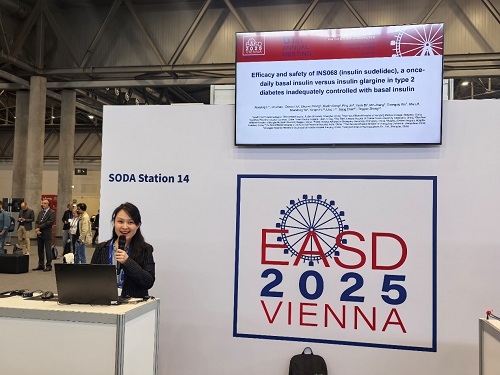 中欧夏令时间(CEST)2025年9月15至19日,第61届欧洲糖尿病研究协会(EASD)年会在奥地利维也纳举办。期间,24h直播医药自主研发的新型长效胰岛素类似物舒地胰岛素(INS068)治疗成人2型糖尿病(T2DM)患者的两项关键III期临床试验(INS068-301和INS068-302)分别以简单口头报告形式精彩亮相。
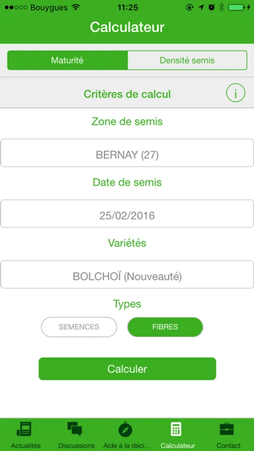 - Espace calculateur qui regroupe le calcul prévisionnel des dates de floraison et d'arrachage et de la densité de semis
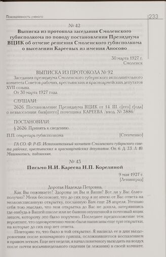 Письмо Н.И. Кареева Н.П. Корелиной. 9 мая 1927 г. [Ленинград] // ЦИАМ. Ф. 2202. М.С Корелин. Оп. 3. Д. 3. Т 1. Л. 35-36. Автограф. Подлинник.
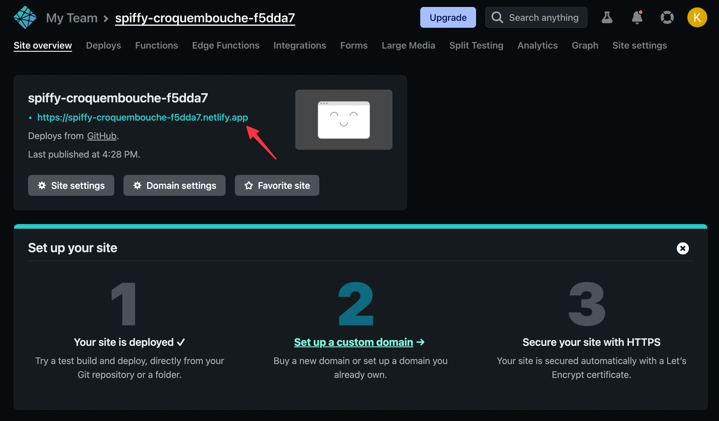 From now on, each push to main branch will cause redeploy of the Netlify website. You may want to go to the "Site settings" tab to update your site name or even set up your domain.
--------------------
▸ **Work to complete**
Repeat exactly the lines above, beginning at the one containing "- Espace calculateur" and ending at the one containing "Письмо Н.И. Кареева". Do not carry over any pictures.

▸ **Reply**
 - Espace calculateur qui regroupe le calcul prévisionnel des dates de floraison et d'arrachage et de la densité de semis
 Письмо Н.И. Кареева Н.П. Корелиной. 9 мая 1927 г. [Ленинград] // ЦИАМ. Ф. 2202. М.С Корелин. Оп. 3. Д. 3. Т 1. Л. 35-36. Автограф. Подлинник.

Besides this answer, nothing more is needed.